Richter bowed slightly. "Your Majesty."
They began walking together, leaving the king and his Furies behind in the empty plaza. Sael heard the soft click of talons on cobblestone and didn't need to look to know that Oz had fallen into step behind them.
"Tch, puny king."
The words were dripping with contempt, and Sael stopped mid-stride. Richter stopped beside him. The Furies, who had been in the process of sheathing their weapons, froze with their blades still half-drawn, and Cedric's head whipped around, his eyes wide and searching for the source of a voice that had no business existing.
Everyone's gaze landed on the chicken.
Oz continued his unhurried trot across the cobblestones, passing within a few feet of the humiliated monarch without so much as a sideways glance. Cedric looked from the chicken to Sael to the chicken again, his expression caught somewhere between outrage and utter bewilderment.

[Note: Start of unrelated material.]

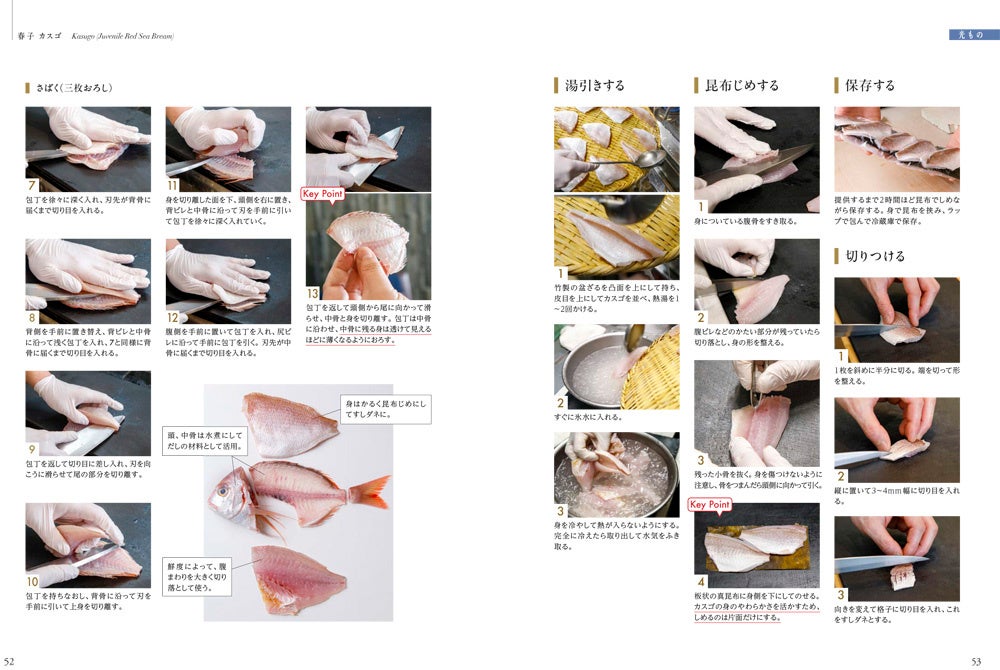 2章ではすしダネの仕込みを豊富な手順写真と共に解説。難波氏が重視・効率化する点など、実践的な手法を伝授する
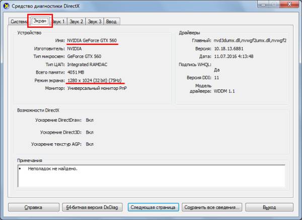 - модель відеокарти;

"Please do not mind him," Sael said.
He didn't feel like explaining why the chicken could talk, so he decided not to. And to be quite honest, it was something he found strangely vindicating to witness, and the absurdity of the situation nearly made him laugh. Sael turned to leave again, then paused, glancing back at Cedric.
"Your Majesty," this felt like an appropriate time to say it, "you have something stuck between your teeth."
Cedric blinked, his hand rising automatically to his mouth. "I—what?"
"A bit to the left." Sael gestured vaguely. "No, the other left. Higher. Almost—yes, there."
The king's tongue worked awkwardly against his front teeth, his fingers prodding at his gums. The Furies watched in silence, clearly uncertain whether they were supposed to intervene in this particular crisis. One of them looked like she wanted to offer assistance but couldn't quite figure out how.
"There you go," Sael said, when Cedric finally seemed to find whatever it was. He smiled—a genuine smile, warm and utterly inexplicable given everything that had just transpired—and then turned and resumed walking.
Richter fell back into step beside him after a moment, though his gaze lingered on the dragon in chicken form considerably longer than it had any right to. They walked in silence until they had passed through the colonnade and into the cooler shadows of the palace interior, their footsteps echoing softly against the marble floors.
"It seems," Richter said eventually, "that you have quite a the story to tell from this mission to Ashams."
"As do you, I suspect."
Richter let out a short breath of a laugh. "Oh, you have no idea."